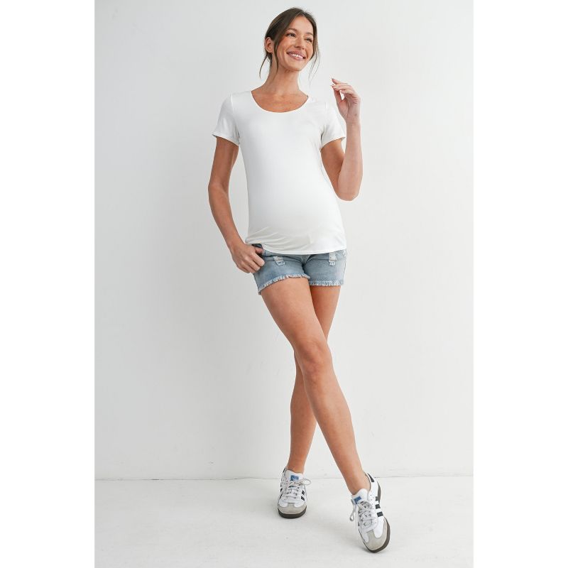 Hello Miz Women's Fitted Scoop Neck Short Sleeve Maternity T-Shirt - White - X Large
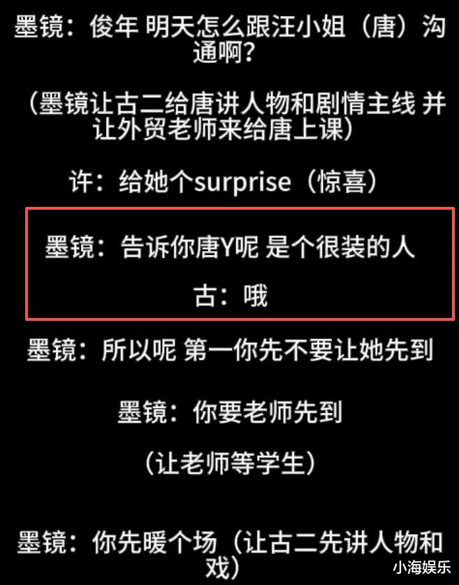先来总结一下最新录音的内容:王家卫安排古二次日给唐嫣讲故事线和剧情,并要请外贸老师给唐嫣上课。但特意交代让外贸老师先到场等唐嫣,直言唐嫣是个很装的人。
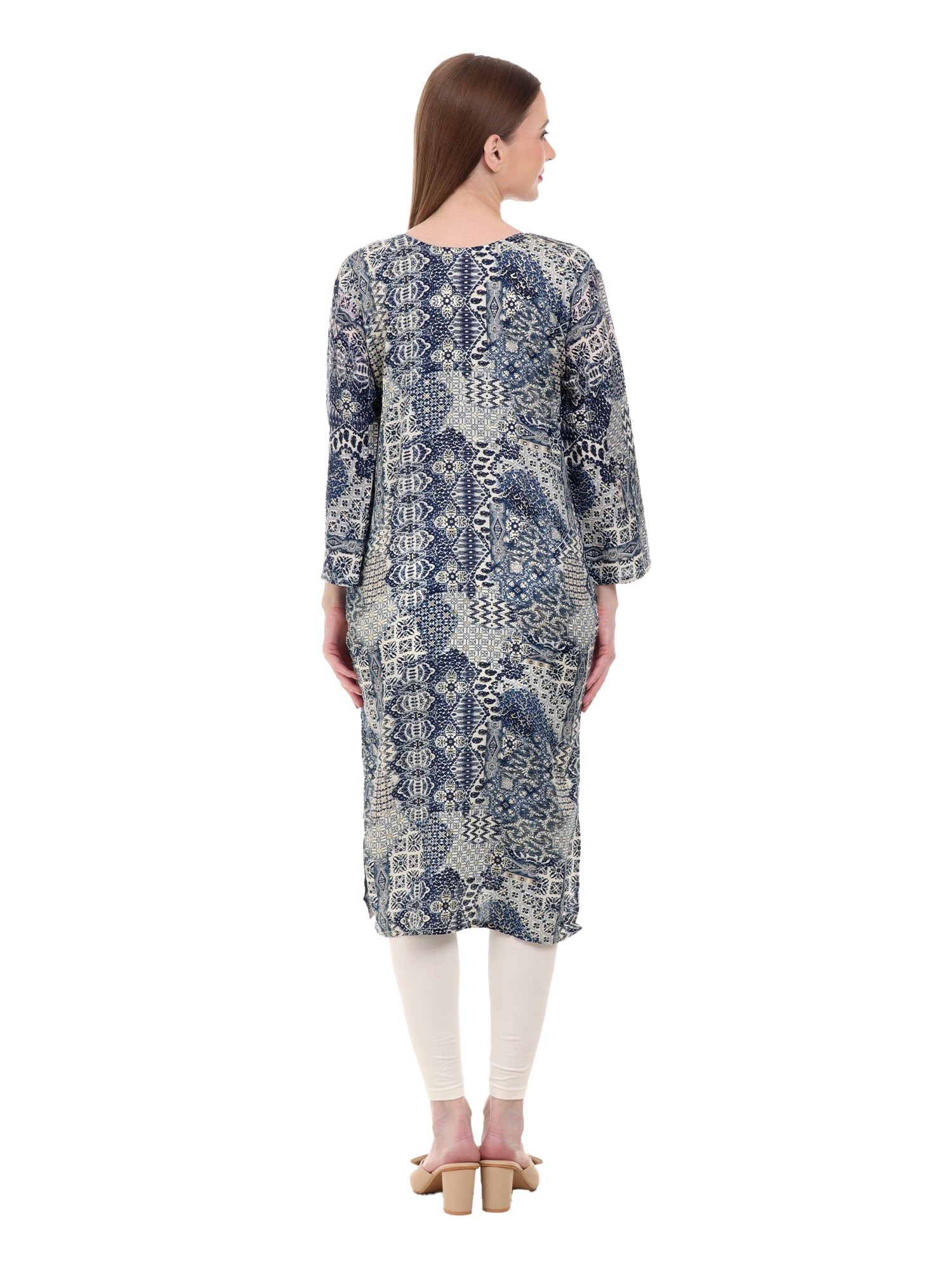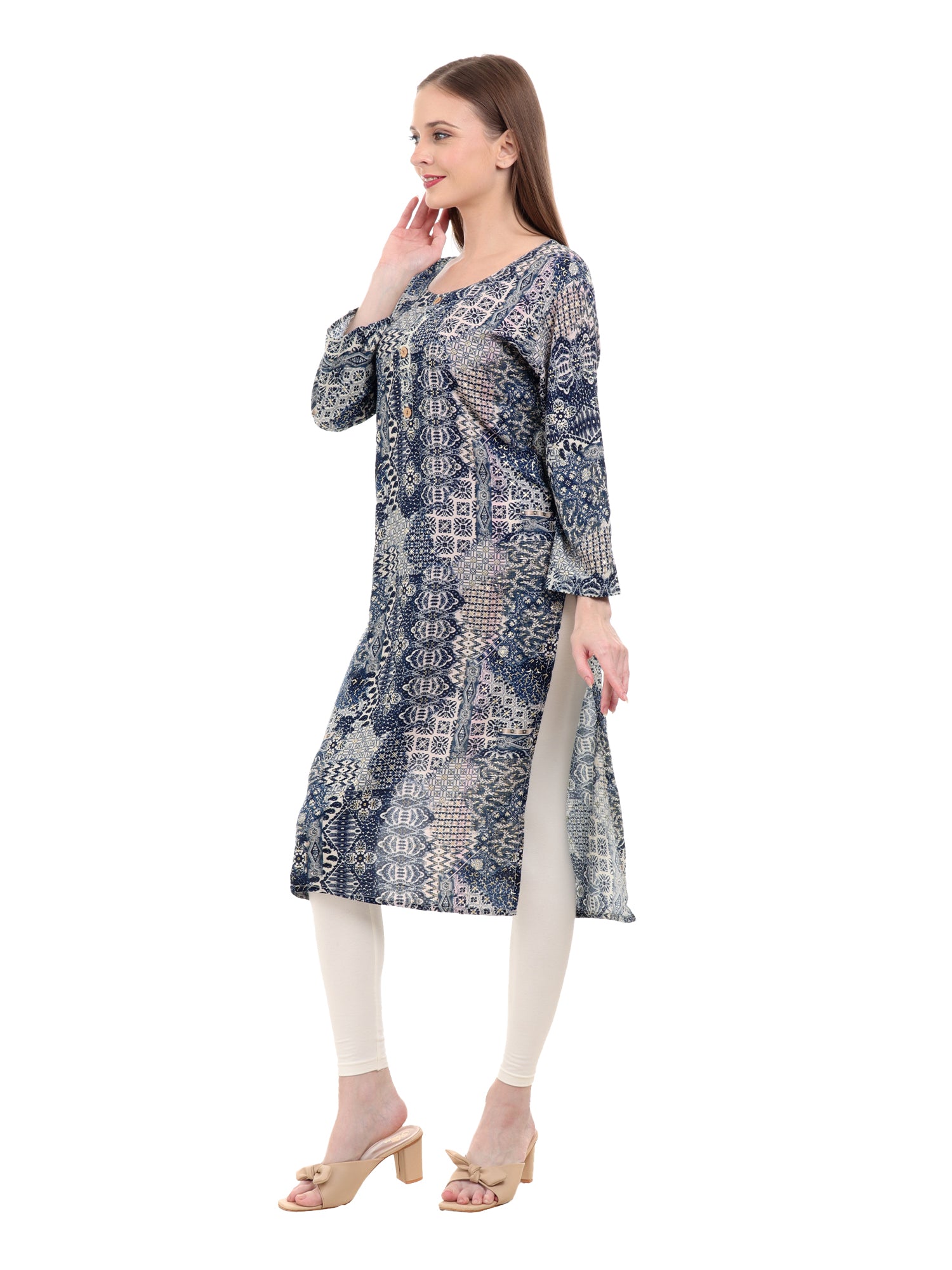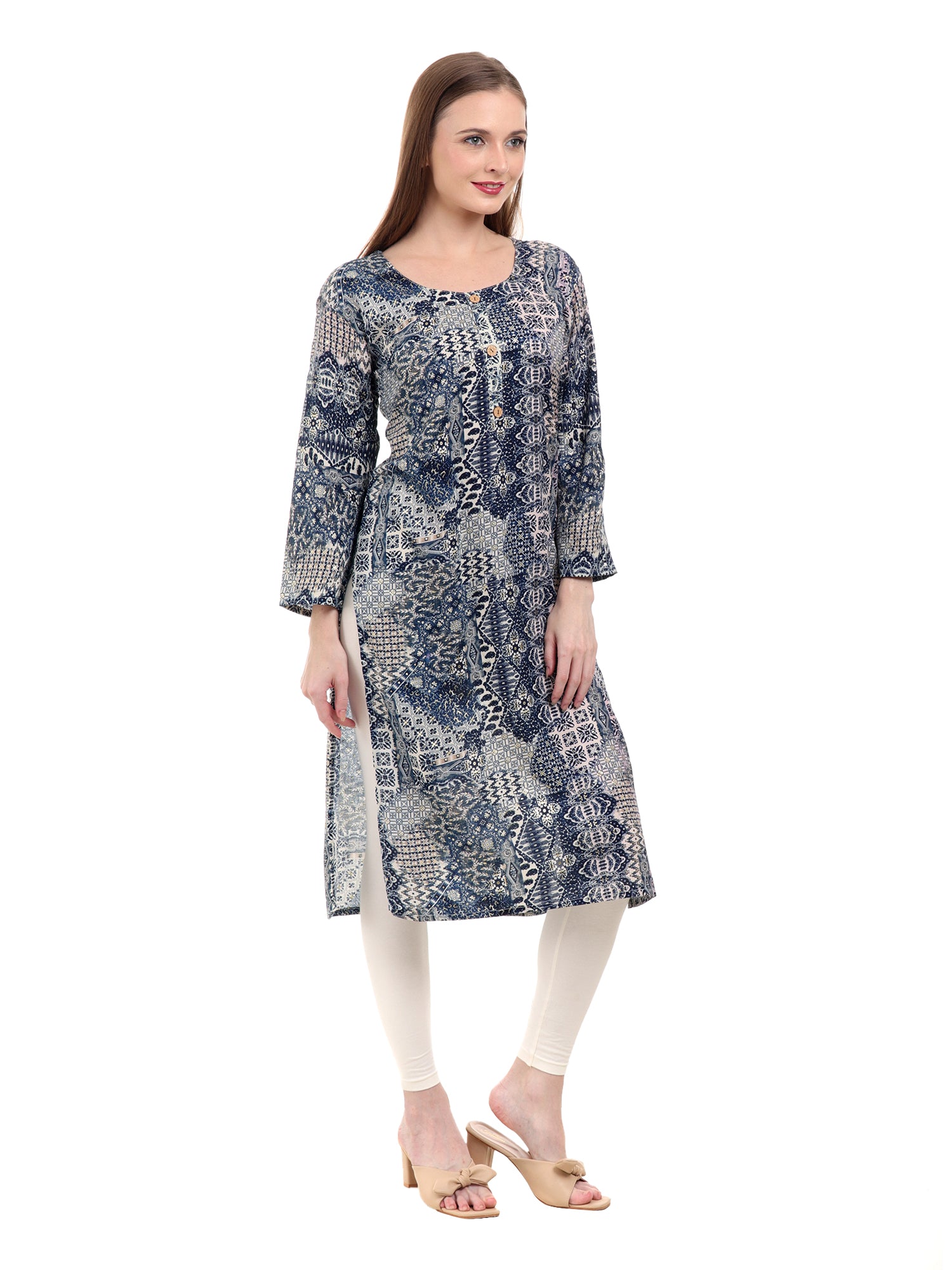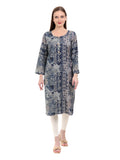 Elevate your ethnic wardrobe with Varnnan's exquisite blue kurti, adorned with intricate golden prints that exude timeless charm. Crafted in a flattering A-line silhouette, this calf-length kurti offers both style and comfort, making it a perfect choice for various occasions.
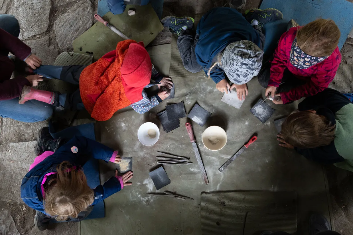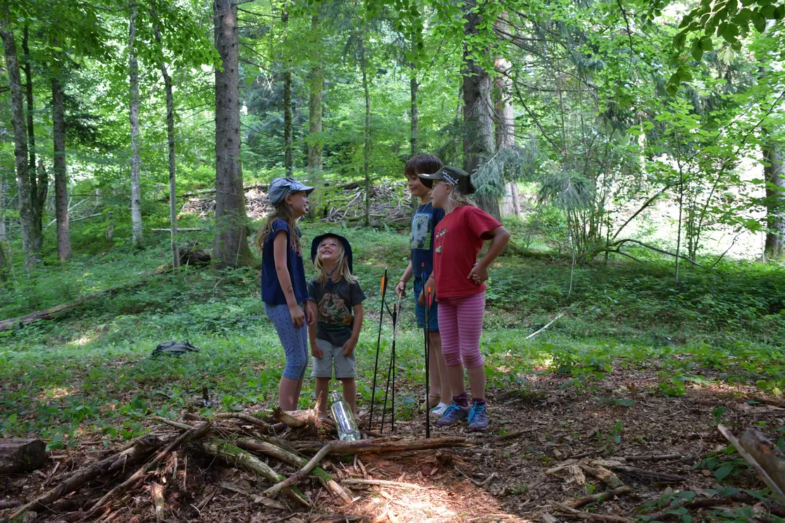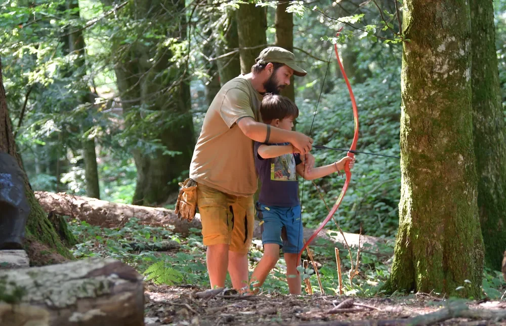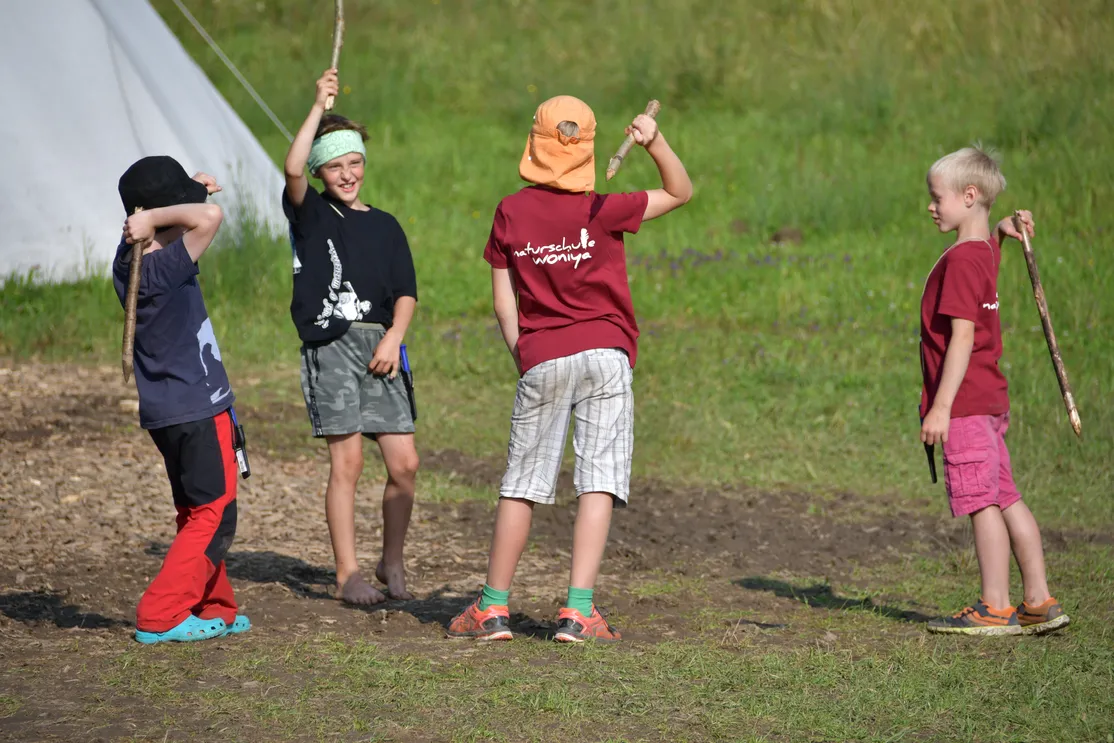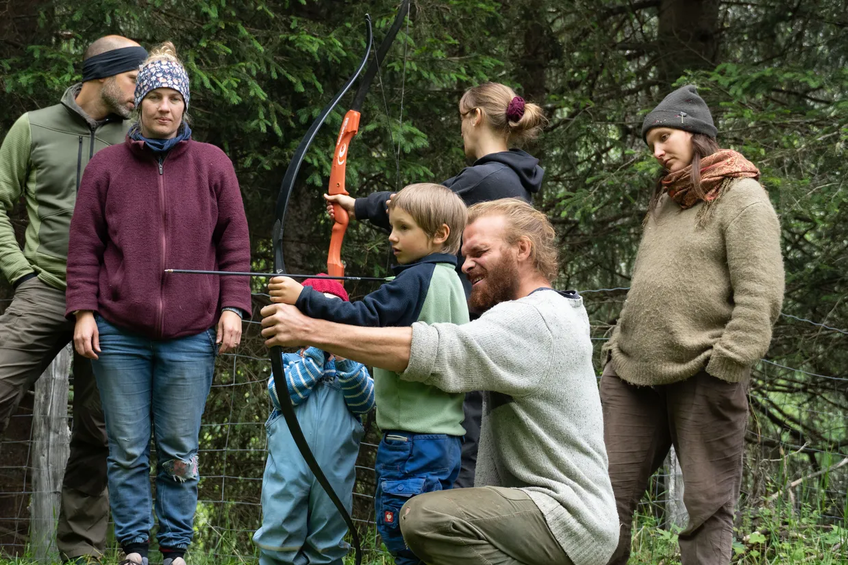 Gemeinsam lassen wir die moderne Welt hinter uns und nähern uns spielerisch unserem ursprünglichen Lebensraum an. Mögliche Themenschwerpunkte beinhalten Feuertechniken, Kochtechniken, Glutbrennen, Filzen, Bogenschiessen, Pflanzenwissen mit Herstellung eines Hustensirups, Schleichtechniken, bewusster Fleischkonsum und weitere.
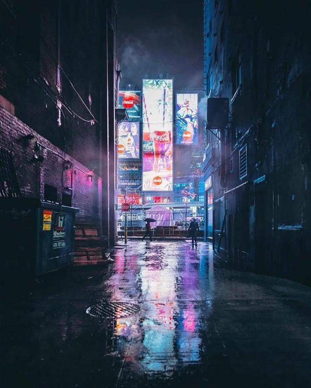 只要用手机随意拍下城市一角,搭上青蓝色配洋红色的「 赛博朋克滤镜 」,发微博的时候文案配个 Cyberpunk,齐活儿。
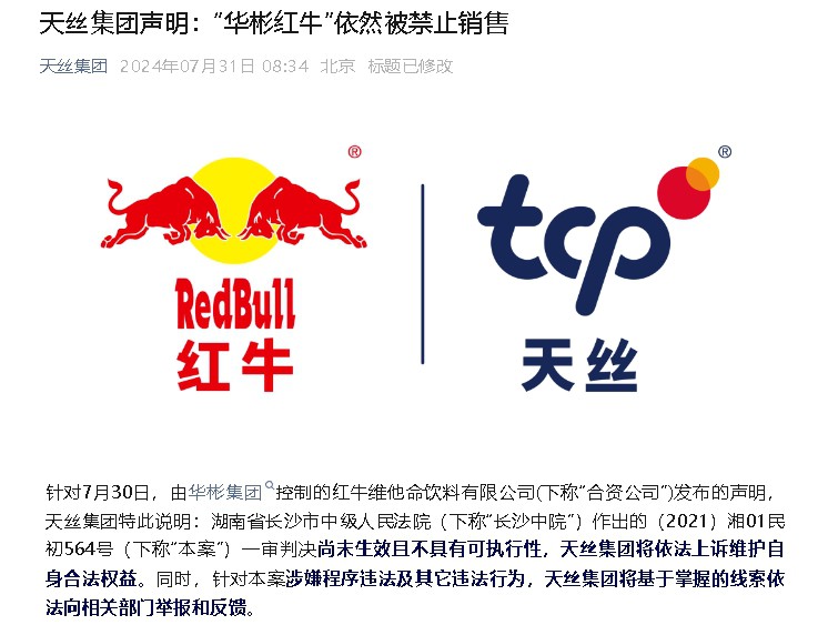 8月1日消息,天絲集團(tuán)發(fā)布聲明稱,“華彬紅!币廊槐唤逛N售。 以下為聲明原文: 針對(duì)7月30日,由華彬集團(tuán)控制的紅牛維他命飲料有限公司(下稱“合資公司”)發(fā)布的聲明,天絲集團(tuán)特此說(shuō)明:湖南省長(zhǎng)沙市中級(jí)人民法院(下稱“長(zhǎng)沙中院”)作出的(2021)湘01民初564號(hào)(下稱“本案”)一審判決尚未生效且不具有可執(zhí)行性,天絲集團(tuán)將依法上訴維護(hù)自身合法權(quán)益。同時(shí),針對(duì)本案涉嫌程序違法及其它違法行為,天絲集團(tuán)將基于掌握的線索依法向相關(guān)部門(mén)舉報(bào)和反饋。 2020年12月,最高人民法院(下稱“最高院”)(2020)最高法民終394號(hào)終審生效判決已明確確認(rèn)“紅牛”系列商標(biāo)為天絲集團(tuán)所有,天絲集團(tuán)對(duì)紅牛維他命飲料有限公司的商標(biāo)使用許可已于2016年10月6日到期,“紅牛”商標(biāo)權(quán)屬穩(wěn)定且清晰。 本案被告長(zhǎng)沙市華廈糖酒有限公司(下稱“華廈公司”)是華彬集團(tuán)在湖南省最大的經(jīng)銷商。天絲集團(tuán)于2021年5月起訴并申請(qǐng)行為保全,長(zhǎng)沙中院于當(dāng)月作出行為保全裁定,要求華廈公司立即停止銷售侵權(quán)紅牛產(chǎn)品,直至本案生效判決執(zhí)行。2021年6月15日,華廈公司不服該保全裁定,向長(zhǎng)沙中院提起復(fù)議,2023年6月12日,長(zhǎng)沙中院依法駁回其復(fù)議申請(qǐng)。目前該行為保全仍然屬于生效狀態(tài),華廈公司目前仍然被禁止銷售“紅牛維生素功能飲料”。 本案自立案后3年一直未開(kāi)庭,而權(quán)利人天絲集團(tuán)同期向其他多地中級(jí)人民法院提起的類似侵權(quán)案件,一審法院均已一致宣判認(rèn)定銷售商銷售“紅牛維生素功能飲料”的行為構(gòu)成商標(biāo)侵權(quán),相關(guān)案件已進(jìn)入二審程序,甚至部分案件判決已經(jīng)生效,而本案拖延至2024年3月11日才開(kāi)庭審理。后長(zhǎng)沙中院于2024年5月14日以需要以另案審理結(jié)果為依據(jù)裁定中止審理;2024年7月26日,長(zhǎng)沙中院突然以本案出現(xiàn)了新的證據(jù)和事實(shí),又可以不以另一案的審理為依據(jù),恢復(fù)案件審理;直到7月29日,在沒(méi)有出現(xiàn)任何新的判決、新的事實(shí)和證據(jù)的情況下,突然作出一審判決。除3年不開(kāi)庭的重大程序異常外,在過(guò)去的半年里長(zhǎng)沙中院作出一系列反常裁定,在不聽(tīng)取權(quán)利人意見(jiàn)的情況下草率的恢復(fù)審理,并在恢復(fù)審理后的3日內(nèi)審理結(jié)案涉嫌程序違法。 此外,該判決存在對(duì)最高院生效裁定認(rèn)定事實(shí)描述進(jìn)行誤導(dǎo)性加工篡改、選擇性忽視我方證據(jù)等嚴(yán)重違法情形,天絲集團(tuán)將形成書(shū)面報(bào)告于近日依法向有關(guān)部門(mén)提交。 2021年以來(lái),浙江高院、吉林高院、黑龍江高院及全國(guó)多地法院針對(duì)華彬集團(tuán)及其上下游關(guān)聯(lián)方的侵權(quán)行為作出一審判決,一致認(rèn)定相關(guān)被告侵犯天絲集團(tuán)紅牛商標(biāo)專用權(quán),同時(shí)一例判決已生效,累計(jì)判賠金額已近6億元。2024年6月,針對(duì)合資公司、華彬工廠的商標(biāo)侵權(quán)訴訟二審在最高人民法院均已完成開(kāi)庭,目前已進(jìn)入宣判前的最后階段。而本案一審判決存完全與上述判決和最高院生效判決矛盾,與中國(guó)政府提倡的平等保護(hù)在華投資外商合法權(quán)益背道而馳。就任何侵犯“紅!鄙虡(biāo)專用權(quán)的行為,天絲集團(tuán)將采取一切法律手段,維護(hù)自身合法權(quán)益,絕不向不法勢(shì)力讓步。 |

##############################

Aim of the task: Repeat the records above word for word, keeping no pictures in the copy.

Output below:
 Hello Miz Women's Fitted Scoop Neck Short Sleeve Maternity T-Shirt - White - X Large
先来总结一下最新录音的内容:王家卫安排古二次日给唐嫣讲故事线和剧情,并要请外贸老师给唐嫣上课。但特意交代让外贸老师先到场等唐嫣,直言唐嫣是个很装的人。
 Elevate your ethnic wardrobe with Varnnan's exquisite blue kurti, adorned with intricate golden prints that exude timeless charm. Crafted in a flattering A-line silhouette, this calf-length kurti offers both style and comfort, making it a perfect choice for various occasions.
 Gemeinsam lassen wir die moderne Welt hinter uns und nähern uns spielerisch unserem ursprünglichen Lebensraum an. Mögliche Themenschwerpunkte beinhalten Feuertechniken, Kochtechniken, Glutbrennen, Filzen, Bogenschiessen, Pflanzenwissen mit Herstellung eines Hustensirups, Schleichtechniken, bewusster Fleischkonsum und weitere.
 只要用手机随意拍下城市一角,搭上青蓝色配洋红色的「 赛博朋克滤镜 」,发微博的时候文案配个 Cyberpunk,齐活儿。
 8月1日消息,天絲集團(tuán)發(fā)布聲明稱,“華彬紅!币廊槐唤逛N售。 以下為聲明原文: 針對(duì)7月30日,由華彬集團(tuán)控制的紅牛維他命飲料有限公司(下稱“合資公司”)發(fā)布的聲明,天絲集團(tuán)特此說(shuō)明:湖南省長(zhǎng)沙市中級(jí)人民法院(下稱“長(zhǎng)沙中院”)作出的(2021)湘01民初564號(hào)(下稱“本案”)一審判決尚未生效且不具有可執(zhí)行性,天絲集團(tuán)將依法上訴維護(hù)自身合法權(quán)益。同時(shí),針對(duì)本案涉嫌程序違法及其它違法行為,天絲集團(tuán)將基于掌握的線索依法向相關(guān)部門(mén)舉報(bào)和反饋。 2020年12月,最高人民法院(下稱“最高院”)(2020)最高法民終394號(hào)終審生效判決已明確確認(rèn)“紅牛”系列商標(biāo)為天絲集團(tuán)所有,天絲集團(tuán)對(duì)紅牛維他命飲料有限公司的商標(biāo)使用許可已于2016年10月6日到期,“紅牛”商標(biāo)權(quán)屬穩(wěn)定且清晰。 本案被告長(zhǎng)沙市華廈糖酒有限公司(下稱“華廈公司”)是華彬集團(tuán)在湖南省最大的經(jīng)銷商。天絲集團(tuán)于2021年5月起訴并申請(qǐng)行為保全,長(zhǎng)沙中院于當(dāng)月作出行為保全裁定,要求華廈公司立即停止銷售侵權(quán)紅牛產(chǎn)品,直至本案生效判決執(zhí)行。2021年6月15日,華廈公司不服該保全裁定,向長(zhǎng)沙中院提起復(fù)議,2023年6月12日,長(zhǎng)沙中院依法駁回其復(fù)議申請(qǐng)。目前該行為保全仍然屬于生效狀態(tài),華廈公司目前仍然被禁止銷售“紅牛維生素功能飲料”。 本案自立案后3年一直未開(kāi)庭,而權(quán)利人天絲集團(tuán)同期向其他多地中級(jí)人民法院提起的類似侵權(quán)案件,一審法院均已一致宣判認(rèn)定銷售商銷售“紅牛維生素功能飲料”的行為構(gòu)成商標(biāo)侵權(quán),相關(guān)案件已進(jìn)入二審程序,甚至部分案件判決已經(jīng)生效,而本案拖延至2024年3月11日才開(kāi)庭審理。后長(zhǎng)沙中院于2024年5月14日以需要以另案審理結(jié)果為依據(jù)裁定中止審理;2024年7月26日,長(zhǎng)沙中院突然以本案出現(xiàn)了新的證據(jù)和事實(shí),又可以不以另一案的審理為依據(jù),恢復(fù)案件審理;直到7月29日,在沒(méi)有出現(xiàn)任何新的判決、新的事實(shí)和證據(jù)的情況下,突然作出一審判決。除3年不開(kāi)庭的重大程序異常外,在過(guò)去的半年里長(zhǎng)沙中院作出一系列反常裁定,在不聽(tīng)取權(quán)利人意見(jiàn)的情況下草率的恢復(fù)審理,并在恢復(fù)審理后的3日內(nèi)審理結(jié)案涉嫌程序違法。 此外,該判決存在對(duì)最高院生效裁定認(rèn)定事實(shí)描述進(jìn)行誤導(dǎo)性加工篡改、選擇性忽視我方證據(jù)等嚴(yán)重違法情形,天絲集團(tuán)將形成書(shū)面報(bào)告于近日依法向有關(guān)部門(mén)提交。 2021年以來(lái),浙江高院、吉林高院、黑龍江高院及全國(guó)多地法院針對(duì)華彬集團(tuán)及其上下游關(guān)聯(lián)方的侵權(quán)行為作出一審判決,一致認(rèn)定相關(guān)被告侵犯天絲集團(tuán)紅牛商標(biāo)專用權(quán),同時(shí)一例判決已生效,累計(jì)判賠金額已近6億元。2024年6月,針對(duì)合資公司、華彬工廠的商標(biāo)侵權(quán)訴訟二審在最高人民法院均已完成開(kāi)庭,目前已進(jìn)入宣判前的最后階段。而本案一審判決存完全與上述判決和最高院生效判決矛盾,與中國(guó)政府提倡的平等保護(hù)在華投資外商合法權(quán)益背道而馳。就任何侵犯“紅!鄙虡(biāo)專用權(quán)的行為,天絲集團(tuán)將采取一切法律手段,維護(hù)自身合法權(quán)益,絕不向不法勢(shì)力讓步。 |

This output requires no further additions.